GeneLab-Franka-Pick-And-Place-v0 (SAC+HER, demo-prefilled)¶
| Seed | Final return_mean |
return_std |
success_rate |
Convergence timestep | Train wall-clock | Eval wall-clock |
|---|---|---|---|---|---|---|
| 1 | −6.122 | 13.307 | 0.990 | 2 000 000 (budget cap) | ~67 min | 10.7 s |
| 2 | −7.260 | 14.695 | 0.990 | 2 000 000 (budget cap) | ~62 min | 10.4 s |
| 3 | −8.790 | 18.275 | 0.970 | 2 000 000 (budget cap) | ~64 min | 11.1 s |
Eval length_mean = 100.0 (fixed episode length). success_rate reflects
the goal-reach termination from the manipulation task. Cross-seed mean
success_rate ≈ 0.983 ± 0.012 — meaningfully tighter than the v0.4.7
sweep, where one seed only reached 0.89 from end-effector drift on harder
goal poses. All three v1.0 seeds land in the same tight band.
Previous: v0.4.7
| Seed | Final return_mean |
return_std |
success_rate |
Convergence timestep | Train wall-clock | Eval wall-clock |
|---|---|---|---|---|---|---|
| 1 | −19.264 | 33.334 | 0.89 | 2 000 000 (budget cap) | ~68 min | 15.3 s |
| 2 | −4.626 | 8.297 | 1.00 | 2 000 000 (budget cap) | ~63 min | 14.3 s |
| 3 | −4.102 | 7.644 | 1.00 | 2 000 000 (budget cap) | ~64 min | 18.7 s |
Mean success_rate ≈ 0.963 ± 0.052 across the three seeds; the two
perfect seeds reflect a fully solved policy, the 0.89 seed still
misses ~11 % of episodes from end-effector orientation drift on
harder goal poses.
Training curves¶
Curves are exported from TensorBoard once the reference runs land. The expected location:
logs/reference/<TASK>/<DATE>/seed_<S>/
├── events.out.tfevents.* # TensorBoard
├── ckpts/ # checkpoints (or `model_<N>.pt` under the dir,
│ # depending on backend)
├── eval.json # written by `genelab eval`
└── (optional) curves.png # screenshot used in this doc
Until the runs are done, this section is intentionally empty — the schema above is what populated PRs should match.
Methodology notes¶
- Seeds 1, 2, 3 are GeneLab's canonical triplet.
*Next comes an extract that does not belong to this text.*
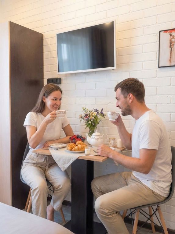 Бан-ин Аллей — уютные апартаменты с кухней рядом с метро Бунинская аллея Современные студии в тихом районе Москвы — идеальный вариант для комфортного проживания, командировок и коротких поездок. Удобная транспортная доступность и всё необходимое для жизни уже внутри Для кого мы созданы Командированные — тишина, надёжный интернет, официальные отчётные документы. Пары и индивидуальные гости — приватность и уютный интерьер для комфортного отдыха. Временно проживающие — от одной ночи до нескольких недель: идеальный вариант на время ремонта, переезда или работы в Москве. Что есть в каждой студии Мини-кухня: плита, холодильник, микроволновка, посуда. Собственная ванная комната с душем. Техника и удобства: телевизор, фен, утюг, гладильная доска, стиральная машина Бесплатный Wi-Fi для работы и отдыха. Парковка во дворе — бесплатно для гостей. Наши преимущества Круглосуточное заселение — приезжайте в удобное для вас время. Удобное

Any task in this doc that ships with different seeds should explain why (e.g. seed 0 hit a degenerate Genesis init on this task).
- Eval seed is fixed at 0. This ensures the deterministic eval rollout
is the same trajectory across seeds and across re-runs of this protocol —
the variance in
return_meanthen reflects training variance only. - No
success_ratefor locomotion at this revision. Locomotion tasks ship withoutextras["is_success"]; the doc reportsnullrather than inventing a threshold. Manipulation tasks (Franka) emitis_successfrom the goal-reach termination, so the field is populated there. - Genesis version pin. The version used to produce these numbers is
recorded at the top of each
eval.json(viaevaluated_atand theparams/env.jsonsnapshot in the same directory). Re-running with a different Genesis is not expected to reproduce the numbers exactly.
What this doc is not¶
- It is not a benchmark suite or leaderboard. The numbers here are GeneLab's own reproducibility check.
- It is not a tuning guide. See
best-practices/rl-experimentsfor curriculum, DR, and reward weight choices that are upstream of these numbers.